Problem:

Compound A, C₈H₁₆, forms a meso compound B upon reaction with bromine in CCl₄ and a d,l-diol C upon oxidation with OsO₄. Ozonolysis of A provides a single ketone D. What are the structures of A-D? Show how they are formed.

Solution:

1. Compound A, C₈H₁₆ : Compound A has one degree of unsaturation. C₈H₁₈ - C₈H₁₆ = 2, divided by 2 = 1. It is either a double bond or a ring.

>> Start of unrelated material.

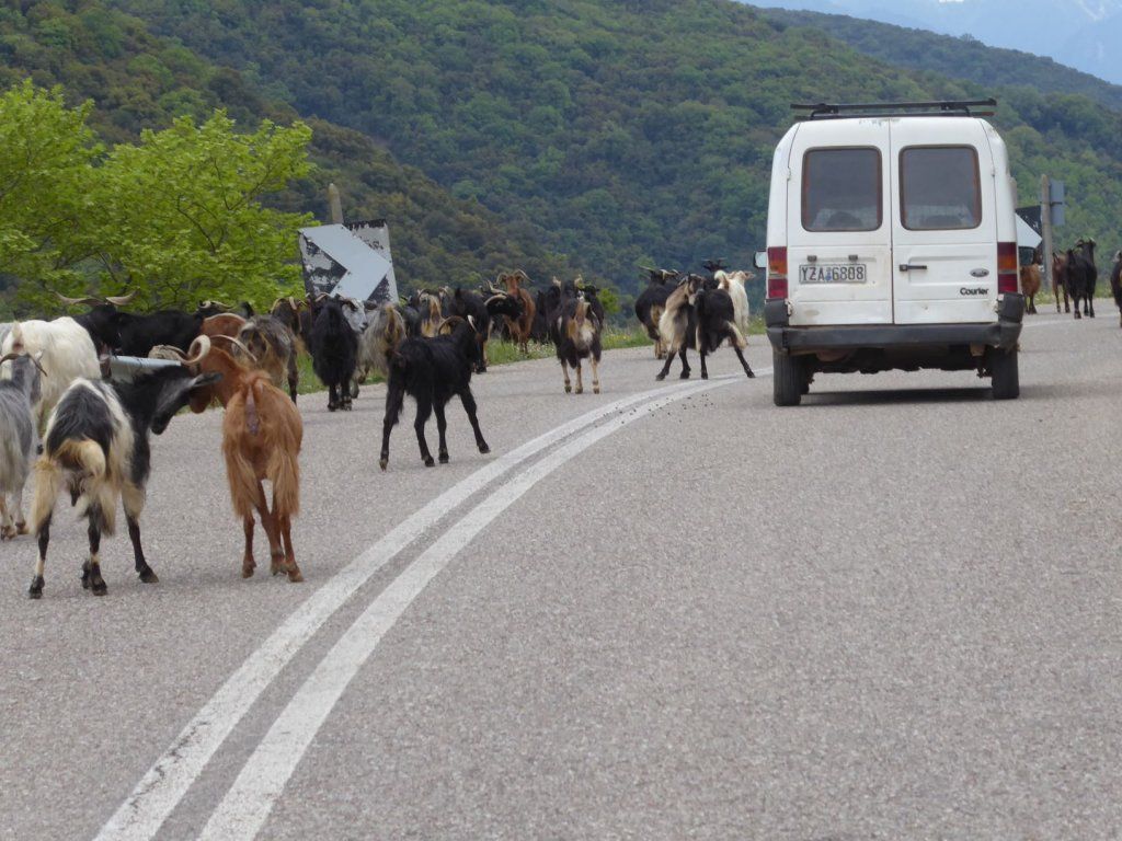 Wir haben mit Marianne und Uli in Igoumenitsa abgemacht, darum müssen wir Nordgriechenland queren. Das ist sehr abenteuerlich und sehr kurvenreich. Es geht hinauf und hinunter und in eine nächste Geländekammer. Dörfer sind richtig an die Hänge geklebt. Bei Karpenisi machen wir einen Abstecher von 10 km steil in die Höhe bis auf 1860 m. Dort ist die Skistation Timifristos. Es hat noch einigen Schnee, ist merklich kühler und eine Schlechtwetterperiode ist angesagt. Wir sind da oben ganz allein mit einer sagenhaften Aussicht. Am nächsten Morgen ist es grau und neblig, sodass wir schnell wieder ins Tal fahren und weiter auf der engen und kurvenreichen Strasse. Zum Glück haben wir sehr wenig Gegenverkehr. Friedhöfe und Kirchen leuchten weit herum. In Agrinio kaufen wir ein und machen uns auf Campingplatzsuche. Das dauert lange und ist aufreibend: Entweder gibt es sie nicht, sie sind zu, oder so vollgestellt, dass wir keinen Platz finden. Bei Preveza, nach 269 km und 7 Stunden Fahrt, finden wir den Camping Kalamitsi Beach.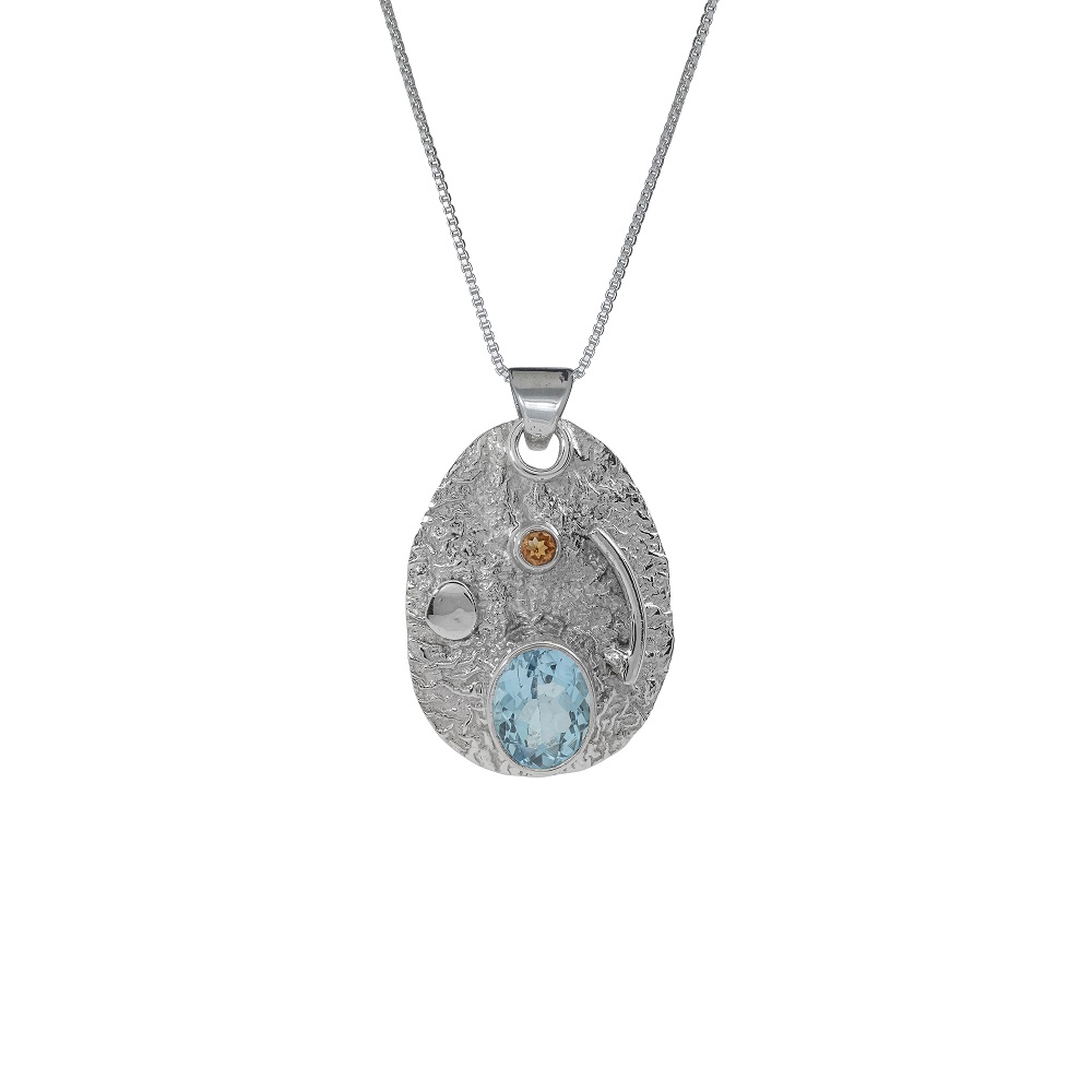 Inspired by love! A stunning, textured, sterling silver pendant and chain, with sparkling Blue Topaz and Citrine gemstones and silver accents.

2. meso compound B upon reaction with bromine in CCl₄ and a d,l-diol C upon oxidation with OsO₄ : If A reacts with Br₂, A's one degree of unsaturation is a double bond, i.e., no ring. Secondly, from a meso compound B we can conclude that whatever is substituted at one end of the double bond must be the same as at the other end of the double bond. There are only 6 carbons available for substituents, 3 at each end. If one substituent is 3 carbons (n- or i-propyl), then the other is H. If one is ethyl, the other one is methyl. The double bond must be of the (E)-configuration because Br₂ adds trans to double bonds and consequently a meso, and not d,l-compound from a ](Z)-olefin] is formed. Because OsO₄ adds syn (cis) to a double bond, a d,l-diol C compound must be formed. The d,l-diol C does not tell us about the symmetry in A but the meso dibromide B does. Thus, every meso compound has a d,l-diastereomer but the converse is not necessarily true.

So what is A?

3. Ozonolysis of A provides a single ketone D. Ketone D must be 4 carbons. One carbon is for the C=O group which leaves 3 carbons, obviously an ethyl and methyl group. Thus A must be (E)-3,4-dimethyl-3-hexene; B is a single diastereomeric dibromide (3R, 4S)-3,4-dibromo-3,4-dimethylhexane [ or (3S, 4R)-3,4-dibromo-3,4-dimethylhexane]; C is also a single diastereomeric diol as a pair of enantiomers (3R, 3R)-3,4-dimethyl-3,4-hexanediol and (3R, 3R)-3,4-dimethyl-3,4-hexanediol; D is 2-butanone methyl ethyl ketone, a.k.a., MEK). If you wish to designate relative stereochemistry for an achiral or racemic compound it is customary to assign the lowest numbered center thr R configuration and then add a superscripted asterisk. Thus B is (3R*, 4S*)-3,4-dibromo-3,4-dimethylhexane and C is (3R*, 3R*)-3,4-dimethyl-3,4-hexanediol. In this highly symmetrical case, meso and d,l is sufficient. Quod Erat Demonstrandum.